** Opening INPUT FOR THIS TASK block **

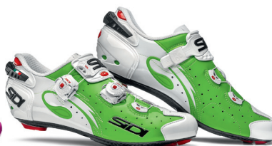
GREEN FLUO | WHITE
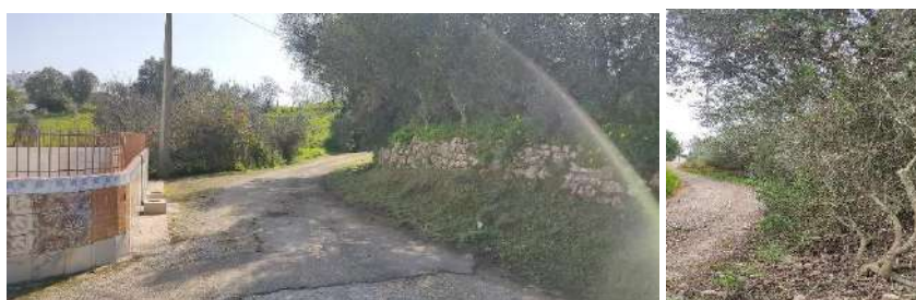
Limpeza do Caminho das Castelhanas.
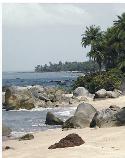
Фото Michel Hasson
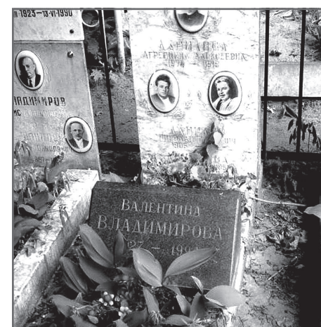
Могила Валентины Владимировой на Ваганьковском кладбище

Заслуженную артистку РСФСР похоронили рядом с мужем на Ваганьковском кладбище. Ей, как и супругу, на момент смерти было 66 лет.
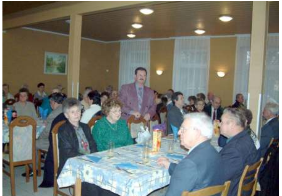
Ötödször karácsonyoztak együtt a sorstársak
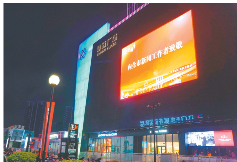
11月8日,我市亮灯庆祝第23个中国记者节。

自1996年举办首届以来,中国航展已成为集中展示中外航空航天先进技术和高端装备的重要窗口、促进航空航天技术和装备领域商贸合作的国际平台。
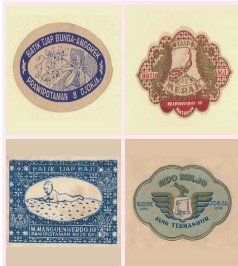
Gambar 2. Beberapa Gambar Etiket Batik Prawirotaman di Masa Keemasannya

Pada periode-periode berikutnya perkembangan batik di kawasan Prawirotaman semakin berkembang. Hal ini juga karena para peminat batik Prawirotaman semakin meluas. Pada awalnya batik yang ada di Prawirotaman hanya digunakan untuk kebutuhan sendiri. Namun, dalam perkembangannya batik menjadi komoditi dagang yang menjanjikan. Industri batik di Prawirotaman semakin berkembang sejak tahun 1950 an (Sumintarsih & Andrianto, 2014: 8990).
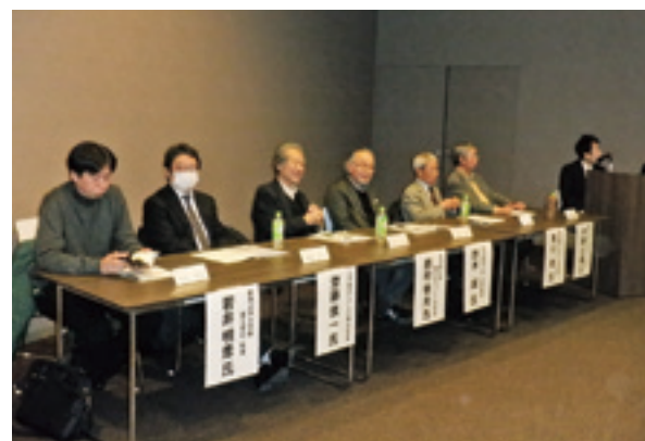
シンポジウム登壇者
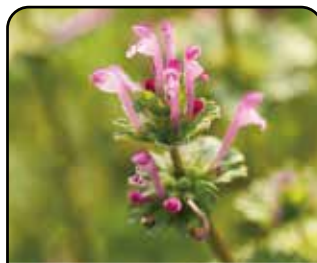
ホトケノザ (花: 3~6月)
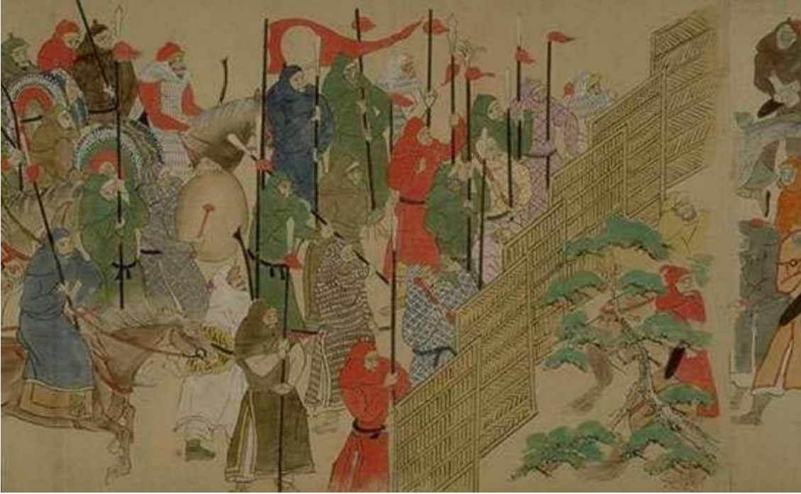
Reprint 1. Moğol savaşçıları «Moğol istilasının kaydıdır». Eski bir XIII yüzyılı freski.***

Bu çalışma, bir anlamda 2013 yılında, yazılmış olan «Volga ve Ural nehir arası bölgelerinde, Tutuk kabilesi (1236-1297yy.) Polovtsi-Hunlar (Çin kaynaklara dayanarak), şeceresini araştırmakta olan – ve o zamanlarda, Hubilay Han'a görevde olan ve onun yanında yüksek sefaya ulaşan Kıpçak'ı anlatan yazılı makalenin devamı ve gelişmesidir.
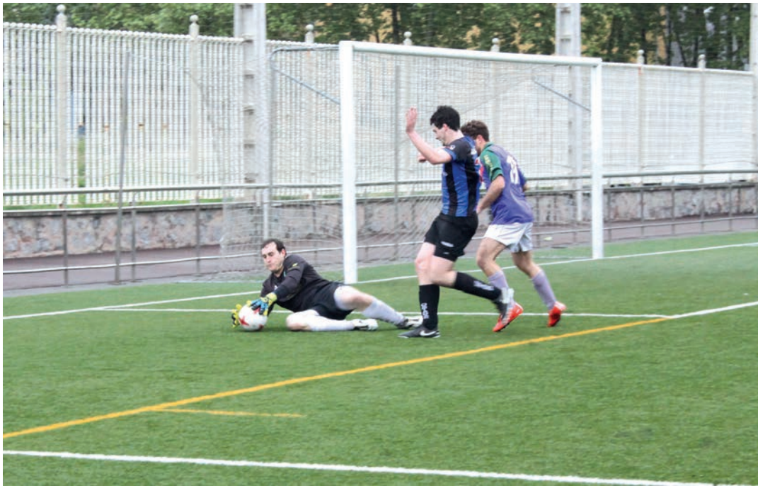
Ostadar SKT, denboraldi amaierako ligako partidan, Mundaroren aurka. TXINTXARRI
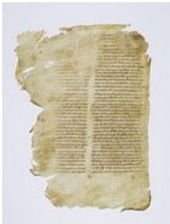
5 . CHARTRES, Bibliothèque municipale, 0029 (0070), f. ?
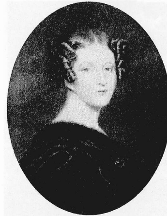
Catherine în jurul vârstei de douăzeci și unu de ani; după o gravură de Alfred Edward Chalon.
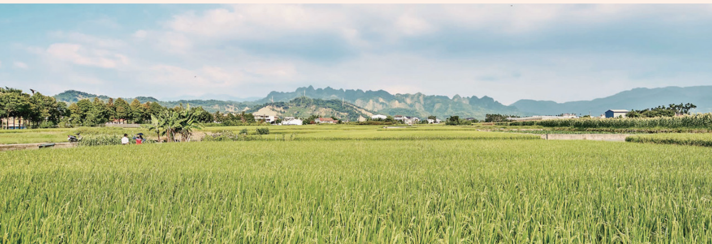
草屯 - 九九峰生態栽培區地理環境優越，適合水稻栽培

草屯鳥嘴潭生態米在與農業生態結合的部分也別具用心，透過與九九峰自然保留區相連的河谷平台，當地水田的農業生態也與九九峰的淺山環境緊密相連，豐富的鳥類資源成為鳥嘴潭生態米最好的生態推廣大使，包括屬於臺灣特有種的臺灣山鷓鴣與有穩定留鳥族群的東方蜂鷹，這些活用當地環境的物種也成為水田生態中不可或缺的一環，也為鳥嘴潭生態米賦予更高的生態價值，讓消費者在購買產品時有多一層支持當地生態多樣性的意義。
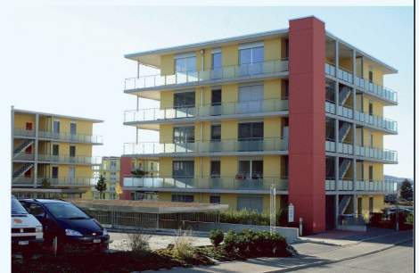
Aktuelles Beispiel effizienter Elementbauweise als gestalterisches Element am Bau

stärke von min. 10 cm erforderlich, bei höheren Türen und grösseren Querschnitten sowie im Aussenbereich empfehlen wir min. 12 cm Wandstärke.

** Closing INPUT FOR THIS TASK block **

§ **EXERCISE**
Excluding images, output exactly the lines from the one that holds "Catherine în jurul" through the final line of the material, both ends included.

§ **ANSWER TO THIS PROBLEM**
Catherine în jurul vârstei de douăzeci și unu de ani; după o gravură de Alfred Edward Chalon.
草屯 - 九九峰生態栽培區地理環境優越，適合水稻栽培

草屯鳥嘴潭生態米在與農業生態結合的部分也別具用心，透過與九九峰自然保留區相連的河谷平台，當地水田的農業生態也與九九峰的淺山環境緊密相連，豐富的鳥類資源成為鳥嘴潭生態米最好的生態推廣大使，包括屬於臺灣特有種的臺灣山鷓鴣與有穩定留鳥族群的東方蜂鷹，這些活用當地環境的物種也成為水田生態中不可或缺的一環，也為鳥嘴潭生態米賦予更高的生態價值，讓消費者在購買產品時有多一層支持當地生態多樣性的意義。
Aktuelles Beispiel effizienter Elementbauweise als gestalterisches Element am Bau

stärke von min. 10 cm erforderlich, bei höheren Türen und grösseren Querschnitten sowie im Aussenbereich empfehlen wir min. 12 cm Wandstärke.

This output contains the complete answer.